Lorsqu’une formation est effectuée dans le cadre du DIF, celle-ci vient s’imputer sur le capital acquis. Le salarié a donc la possibilité de reprendre son acquisition de droit mais toujours dans la limite de 120 heures.

L’employeur a l’obligation d’informer chaque année et par écrit le salarié sur son acquisition de droits au titre du DIF. 

 

Comment formuler sa demande de DIF ?

 

La demande doit s’effectuer par écrit auprès de l’employeur, il est nécessaire d’être le plus précis possible (la formation envisagée, l’organisme de formation, la durée…). La demande du salarié doit être faite suffisamment à l’avance sachant que l’employeur dispose d’un délai d’un mois pour répondre. 

 

La réponse de l’employeur

 

La demande de formation via le DIF est soumise à l’approbation de l’employeur. Ce dernier doit répondre dans un délai d'un mois, passé cette échéance la demande de formation sera considérée comme acceptée.

En cas de refus de l’employeur, le salarié ne dispose d’aucun recours, il peut toutefois reformuler une demande l’année suivante. Si un accord n’est pas trouvé durant deux années successives, le salarié peut déposer une demande de congé individuel de formation (CIF). Cette demande devra faire l’objet d’une étude par l’organisme paritaire de gestion du CIF dont relève l’entreprise (Opacif ou Fongecif), la formation choisie doit correspondre aux priorités et aux critères définis par cet organisme. 

 

Quelles formations pour le DIF ?

 

Le salarié dispose d’un large choix de formations, il faut toutefois l’accord de l’employeur, il est donc préférable d’entamer une formation bénéfique pour les deux parties. Il peut s’agir d’acquérir, d’entretenir ou perfectionner ses connaissances, obtenir une qualification, effectuer un bilan de compétences ou valider ses acquis. Dans certains cas, des accords collectifs d’entreprises définissent une liste de formations prises en charges par le DIF, le salarié peut alors choisir une formation parmi celles-ci, mais garde un droit de proposition pour d’autres formations. 

 

Le DIF en pratique

 

La formation relative au DIF doit se dérouler en dehors du temps de travail sauf si une convention ou un accord collectif d’entreprise ou de branche prévoit que l’action de formation peut avoir lieu sur le temps de travail.
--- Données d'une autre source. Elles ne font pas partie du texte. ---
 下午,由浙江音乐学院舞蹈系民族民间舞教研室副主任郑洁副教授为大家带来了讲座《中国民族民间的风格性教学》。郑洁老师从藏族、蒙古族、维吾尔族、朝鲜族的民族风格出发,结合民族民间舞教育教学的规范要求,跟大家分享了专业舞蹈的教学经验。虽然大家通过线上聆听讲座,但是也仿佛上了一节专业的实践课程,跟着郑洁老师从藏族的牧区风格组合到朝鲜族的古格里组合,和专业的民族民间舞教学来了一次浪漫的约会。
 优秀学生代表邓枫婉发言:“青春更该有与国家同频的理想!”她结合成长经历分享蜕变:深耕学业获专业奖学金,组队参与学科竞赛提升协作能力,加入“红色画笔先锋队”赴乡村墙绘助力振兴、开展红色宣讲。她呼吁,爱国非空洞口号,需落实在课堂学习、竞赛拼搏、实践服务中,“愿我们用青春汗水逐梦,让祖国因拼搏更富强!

Lors de cette formation, le salarié bénéficie de la législation de la sécurité sociale relative à la protection en matière d’accidents du travail et des maladies professionnelles.
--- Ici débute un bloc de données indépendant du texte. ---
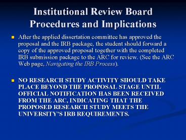 <Notice: Removed> Institutional Review Board Procedures and Implications PowerPoint PPT Presentation

Lorsque les heures de formation sont effectuées en dehors du temps de travail, le salarié perçoit, de son employeur, une allocation de formation égale à la moitié de sa rémunération habituelle.
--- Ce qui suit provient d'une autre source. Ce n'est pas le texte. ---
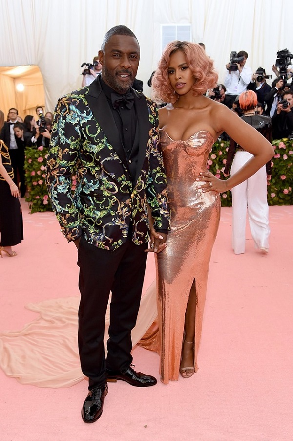 Cặp đôi Idris Elba và Sabrina Dhowre cùng chọn thương hiệu “Nữ Hoàng đầu rắn” để trẩy hội tại Met năm nay.
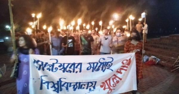 হল-ক্যাম্পাস খোলার দাবিতে জাবিতে মশাল মিছিল
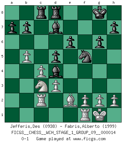 Last move : 0-1 2014 November 30 9:54:19 [Event "FICGS__CHESS__WCH_STAGE_1_GROUP_09__000014"] [Site "FICGS"] [Date "2014.11.01"] [Round "1"] [White "Jefferis,Des"] [Black "Fabris,Alberto"] [Result "0-1"] [WhiteElo "0938"] [BlackElo "1999"] 1.e4 c5 2.c4 Nc6 3.Nc3 g6 4.d3 Bg7 5.Qd2 e6 6.Nf3 Nge7 7.a3 O-O 8.Be2 d5 9.b3 Qa5 10.Bb2 Rd8 11.Na4 Bxb2 12.Qxa5 Nxa5 13.Ra2 Bg7 14.b4 cxb4 15.axb4 Nac6 16.b5 Nd4 17.Nxd4 Bxd4 18.O-O f5 19.exf5 Nxf5 20.Rc2 Bd7 21.Nc3 Rac8 0-1 Sicilian defense Kingside Castling by player Black (move 7) Kingside Castling by player White (move 18) Player Black won this chess game. Follow this game move after move (download)Not only will I predict his triumph over Botvinnik, but I'll go further and say that he'll probably be the greatest Chess player that ever lived. (John Collins) Habe Mut, dich deines eigenen Verstandes zu bedienen. (Immanuel Kant) El Ajedrez tiene tanto misterio como las mujeres. (Purdy) Echiquier : carré parfait, comme la Jérusalem nouvelle décrite par l'auteur de l'Apocalypse, huit cases sur huit, exaltation du chiffre 4, symbole du cosmos aux quatre horizons... où le noir et le blanc, l'ombre et la lumière, le mal et le bien s'entremêlent et se conjuguent. (Robert Couffignal, Le Gambit du poète) . 'gn is not allowed in chess unless n is an integer between 1 and 8 inclusive, where 1 and 8 are to interpreted as the standard numerals standing for integers in the ordered real-closed field R, with the *canonical* ordering. (As opposed to, say, an integer in the domain Z[2+i*sqrt(5)] or an integer in some exotic Grothendieck topos). (Normajean Yates)

Si la formation se déroule en tout ou partie sur le temps de travail, le salarié percevra sa rémunération habituelle. 

 

Quelle situation en cas de licenciement ou de démission ?

 

En cas de démission ou de licenciement (sauf pour faute grave ou lourde), le salarié licencié peut demander à bénéficier d’une action de formation, de bilan de compétences ou de validation des acquis de l’expérience (VAE) au titre du crédit d’heures qu’il a acquis dans le cadre du DIF. Cette action de formation doit débuter avant la fin de son préavis, l’employeur sera alors tenu de verser le montant de l’allocation de formation correspondant au nombre d’heures de formation.

A noter, lors du départ à la retraite, les droits acquis au titre du DIF et non utilisés seront perdus par le salarié.